Could you repeat the listing exactly, leaving out the pictures?

--- Data extract Enclosed Below ---

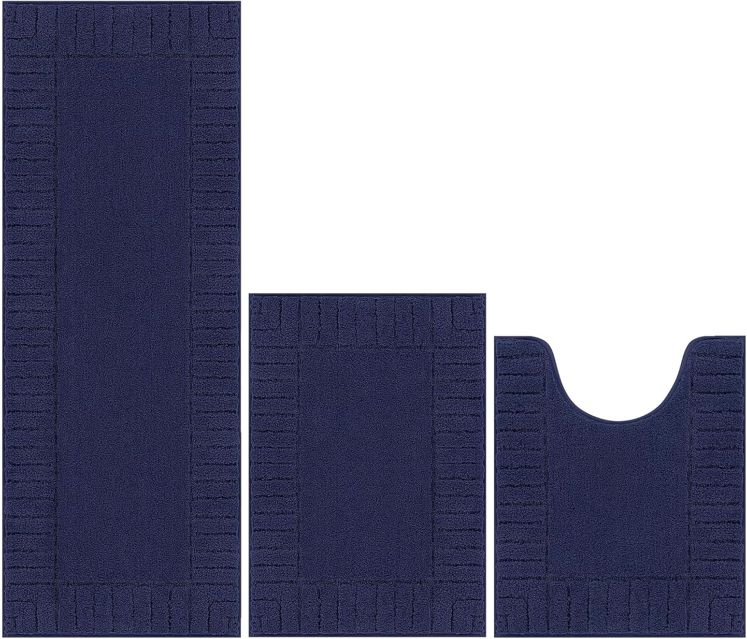 HEBE Bathroom Rugs Sets 3 Piece Bathroom Shower Rugs with U-Shaped Contour Toilet Mat Absorbent Microfiber Plush Bath Mats Non Slip Bath Rugs Machine Washable Shaggy Bath Mat Set
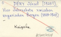 DÉRY József [1928?] Vier Jahrzehnte zwischen ungarischen Bergen (1888-1928).
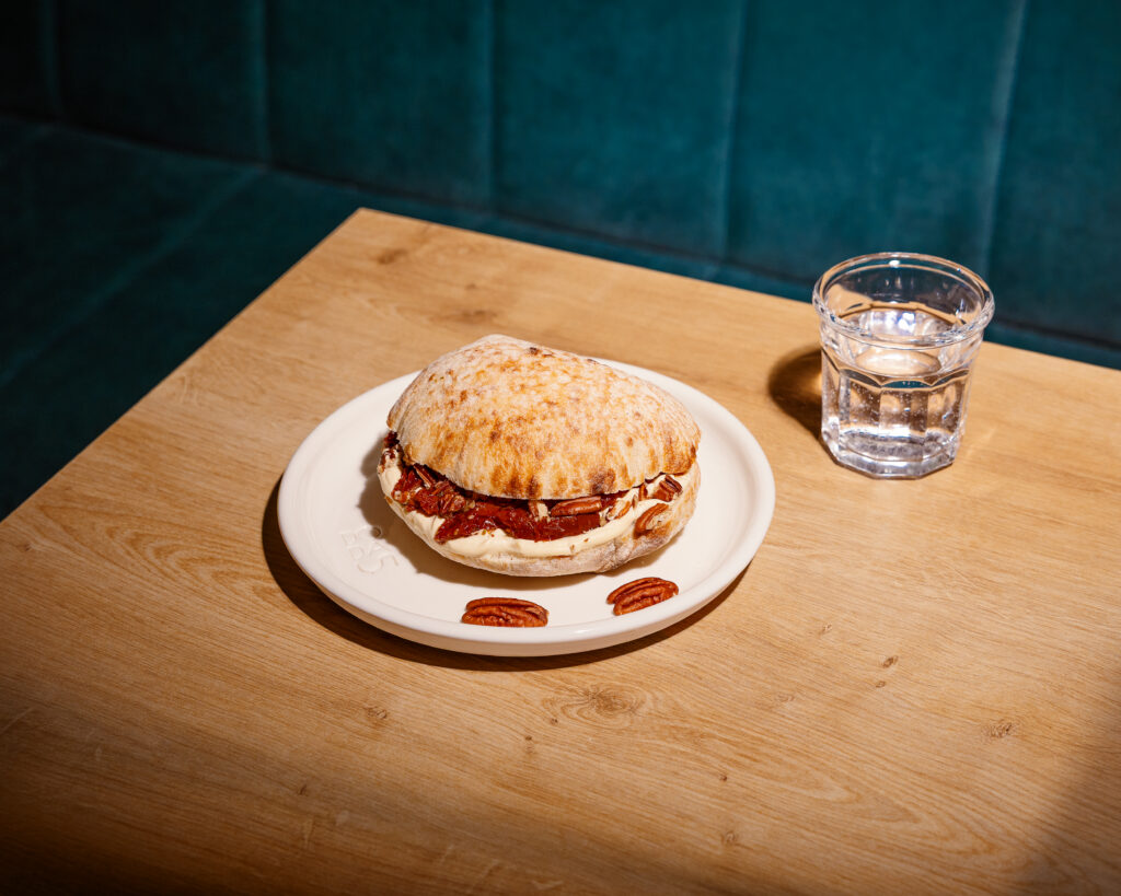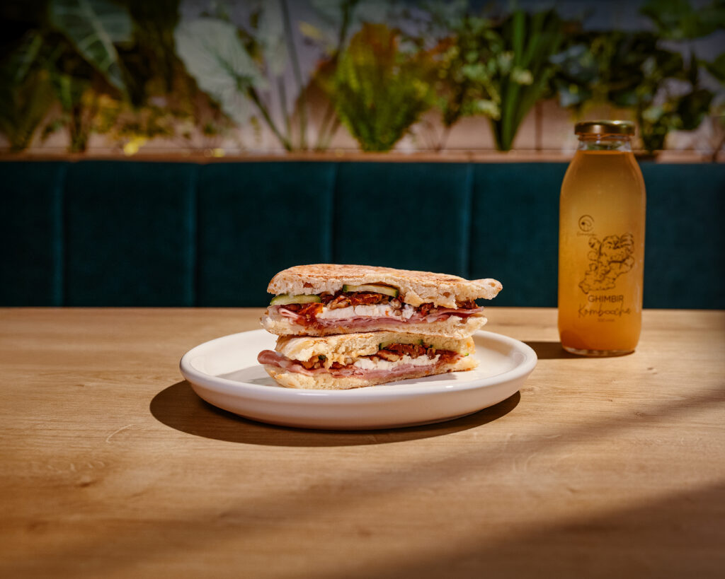 Croissant cu unt, camembert, mortadella și gem de smochine… Crocant, sărat, dulce, totul într-o mușcătură. Alege cald sau rece.

--- End of Enclosed Data extract ---

* _Response for this exercise_
 HEBE Bathroom Rugs Sets 3 Piece Bathroom Shower Rugs with U-Shaped Contour Toilet Mat Absorbent Microfiber Plush Bath Mats Non Slip Bath Rugs Machine Washable Shaggy Bath Mat Set
 DÉRY József [1928?] Vier Jahrzehnte zwischen ungarischen Bergen (1888-1928).
 Croissant cu unt, camembert, mortadella și gem de smochine… Crocant, sărat, dulce, totul într-o mușcătură. Alege cald sau rece.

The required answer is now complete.